Lyric poem: a highly musical verse that expresses the observations and feelings of a single speaker.
Homophone: one of two or more words pronounced alike but different in meaning or spelling (as the words to, too, and two)
Homograph: one of two or more words spelled alike but different in meaning or pronunciation (as the bow of a ship, a bow and arrow)
Paradox: a statement that seems contradictory but that actually may be true.
Oxymoron: a figure of speech in which opposite or contradictory ideas or terms are combined.

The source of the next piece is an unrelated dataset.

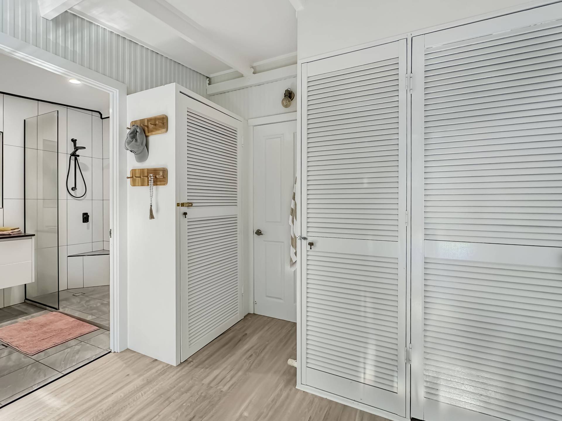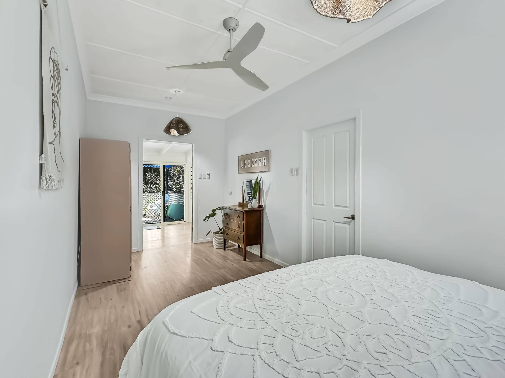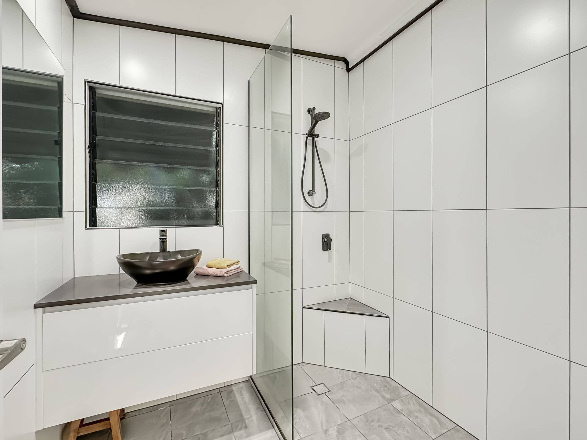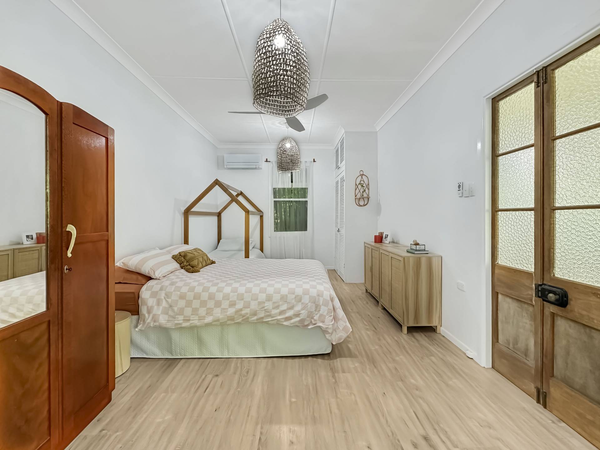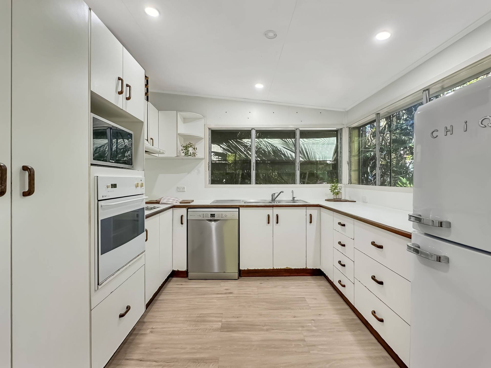 The two very spacious bedrooms open onto the living area through French doors, each of which have split system air conditioning. The bathroom has been stylishly renovated with an easy-access shower, vanity and separate toilet adjacent and the laundry is out of view in a large cupboard with additional linen and broom closets.

Mood: the feeling created in the reader by a literary work or passage.
Tone: the writer’s attitude toward his or her audience and subject.
Cacophony: a harsh or discordant sound; unpleasant
Euphony: pleasing, harmonious sounds
Assonance: the repetition of vowel sounds followed by different consonant sounds.
Alliteration: repetition of an initial sound in two or more words.
Consonance: the repetition of consonant sounds at the ends of words.
Diction: the choice of words used to give a specific tone.
SIMILE: a figure of speech in which LIKE or AS is used to make a comparision between two basically unlike ideas.
METAPHOR: a figure of speech in which one thing is spoken of as though it were something else; a direct comparison between two things.
HYPERBOLE: a deliberate exaggeration or overstatement.
IAMBIC: unstressed syllable, followed by a stressed syllable (as in "again")
TROCHEE: stressed syllable, followed by an unstressed syllable (as in "wonder")
RHYTHM: the pattern of beats, or stresses, in spoken or written language.
RHYME: the repetition of sounds at the end of the words.
ONOMATOPOEIA: the use of words that imitate sounds (as in WHIRR, THUD, BOOM, SIZZLE, HISS)
ENJAMBMENT: lines that do not end with grammatical breaks.
RHYME SCHEME: a regular pattern of rhyming words in a poem (i.e., ababcc)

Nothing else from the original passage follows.